Fremd sind Körper und Verstand

TanztheaterMomente der Selbstreflexion: „Foreign Bodies“ in Potsdam

Schreie, Arien, Rock- und Tangoklänge. Bei „Foreign Bodies“ nahmen am vergangenen Freitag in der ausverkauften Fabrik Potsdam 50 junge Tänzer*innen das Publikum mit auf eine multimediale Reise zu dem, was uns am nächsten ist und oftmals unbekannt bleibt: zum eigenen Körper. Bereits zum dritten Mal trafen sich Mitglieder der BAI-Theaterschule Bilbao, der Associazione Culturale Bachi da Setola Polignano a Mare und der Theatergruppe Tarántula des Offenen Kunstvereins Potsdam zu einem zehntägigen Tanz- und Theaterworkshop. Nach Vorstellungen in Italien und Spanien jetzt in der brandenburgischen Landeshauptstadt unter der Leitung von Ulrike Schlue und Clara Pujalte. Das Ergebnis ist eine knapp einstündige, tänzerisch und musikalisch ausdrucksstarke Performance, die sich dem ambivalenten Verhältnis von Physis und Psyche nähert.

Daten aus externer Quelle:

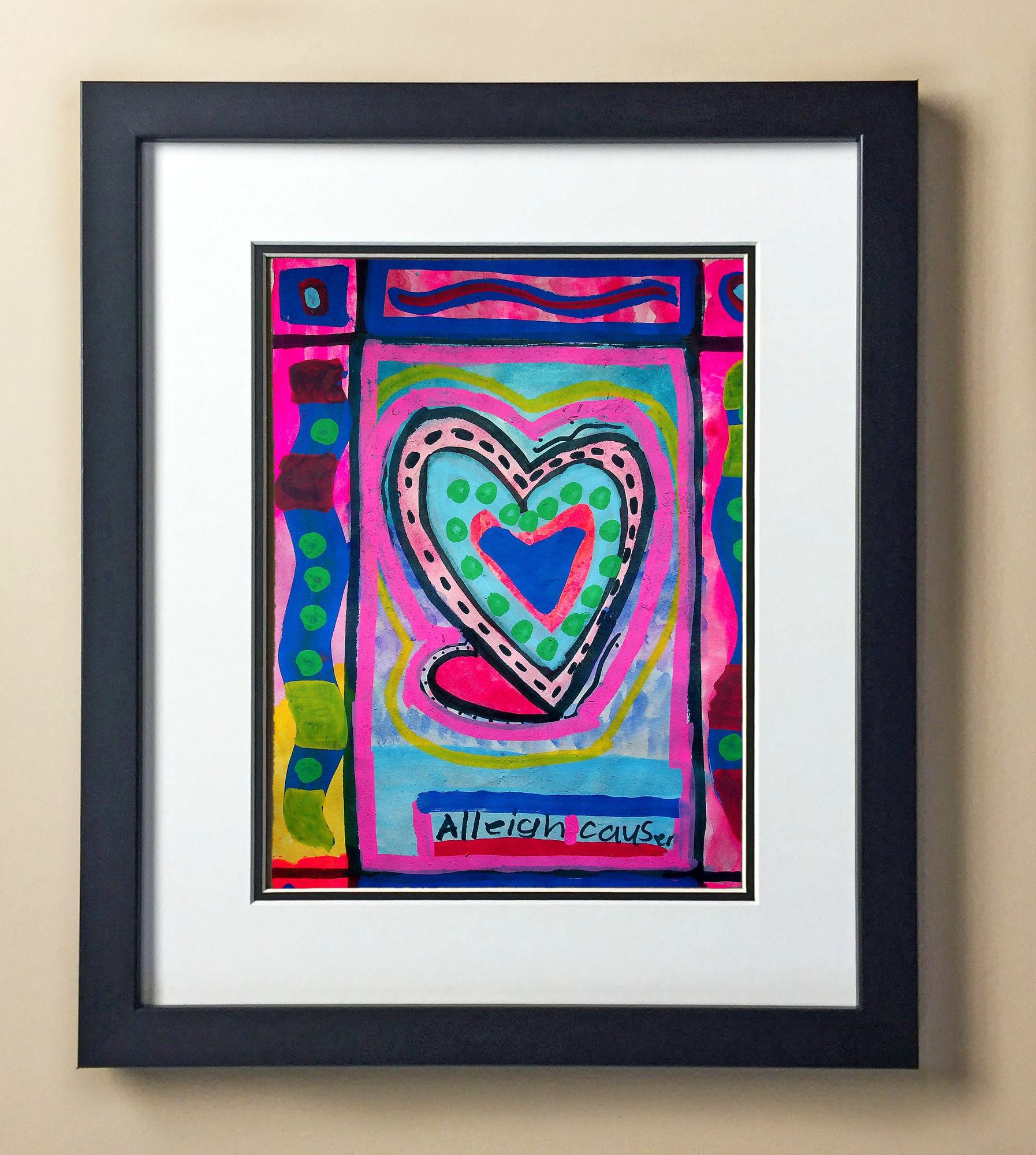 Included with the purchase is the Students Artwork, Frame, double matboard, shatter proof plexiglass, and a ready to hang backerboard with turnbuttons
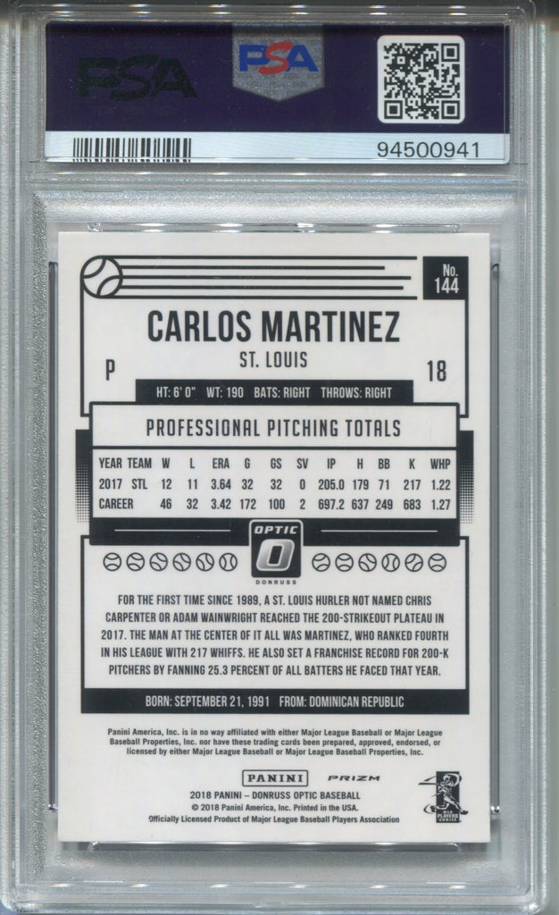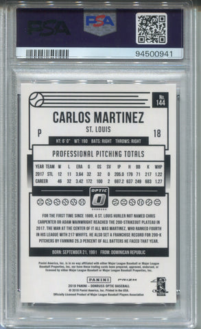 2018 Carlos Martinez Panini Donruss Optic PINK PSA 10 #144 St. Louis Cardinals 0941
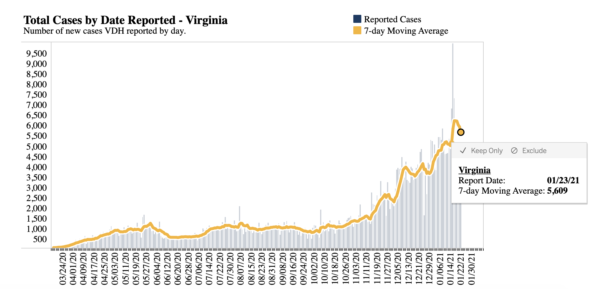 In Virginia, which recorded a staggering 10,000 new COVID-19 cases in a single day last Sunday, the rolling average of new cases has decreased over the past week.
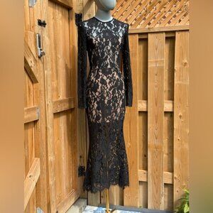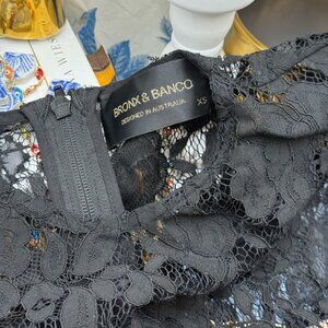🆕 BRONX & BANCO 🧿 NWOT Colette Noir Black Lace Gown, Sz XS US 2

Das schwierige Verhältnis zwischen Körper und Wille zeigt sich gleich zu Beginn. Lautes, fast erdrückendes und immer schneller werdendes Atmen, bis es nicht mehr geht. Was folgt, ist explosiv: raumgreifende Sprungelemente zu Deep-Bass-Klängen, animiert durch grafische Equalizermotive im Hintergrund. Die Musik wird abgelöst durch ein lautes Ticken. Tänzer*innen gehen suchend durch den Raum, betrachten ihre Hände, beobachten und erkunden sich und ihr Gegenüber. Stille Momente der Selbstreflexion, die über das ganze Stück hinweg im Wechsel mit lauten Passagen stehen.

Maskierte Organe

Animation und Musik sind dabei stets Begleiter des Tanzes, nur selten dominieren die Projektionen im Hintergrund die vordergründige Darbietung, wie es in den nachfolgenden Bildern der Fall ist: Am Bühnenrand sitzen drei Laborant*innen mit Petrischalen, Seife und Wasser und symbolisieren auf triviale Weise mit der Teilung von Zellen den Ursprung und Kern eines jeden Organismus, während die bis eben parallel dazu tanzende Gemeinschaft unter membranartigen Riesenfolien verschwindet und kurzerhand später mit Primatenklängen und Vogelgezwitscher wiedererwacht.

Die Szene bildet den Übergang für das, was darauf folgt. Es geht nun um Schmerz. Ein tänzerischer Kampf zwischen Leib und Seele wird ausgefochten, indem mit großen Fratzen maskierte Organe stampfend den verängstigten Rest des Körpers bedrohen. „Do you like drugs?“, wird das Publikum schließlich gefragt, und die Zu­schau­er*in­nen erleben mit einem musikalischen Hitmedley von „Old MacDonald had a farm“ bis „Halleluja“ den Absturz von grenzenloser Euphorie in die Qualen des Deliriums.

Dass es bei der Fremdheit, mit der sich Körper und Verstand oft gegenüberstehen, nicht bleiben muss, zeigt das letzte Bild, in dem beide durch Vorsicht und Neugier wieder zueinanderfinden. Auch wenn durch die Synchronität und die darstellende Harmonie der Tänzer*innen deutlich wird, dass dies nicht die erste Vorstellung des Projekts ist, bleibt der Darbietung und Choreografie eine spannungsvolle Spontaneität erhalten, die Wiederholungen in Tanz und Animation verkraften lässt. „Foreign Bodies“ entlässt den Zuschauer mit der Frage: „Do you know your body?“ Ein Appell zur Selbsterkundung.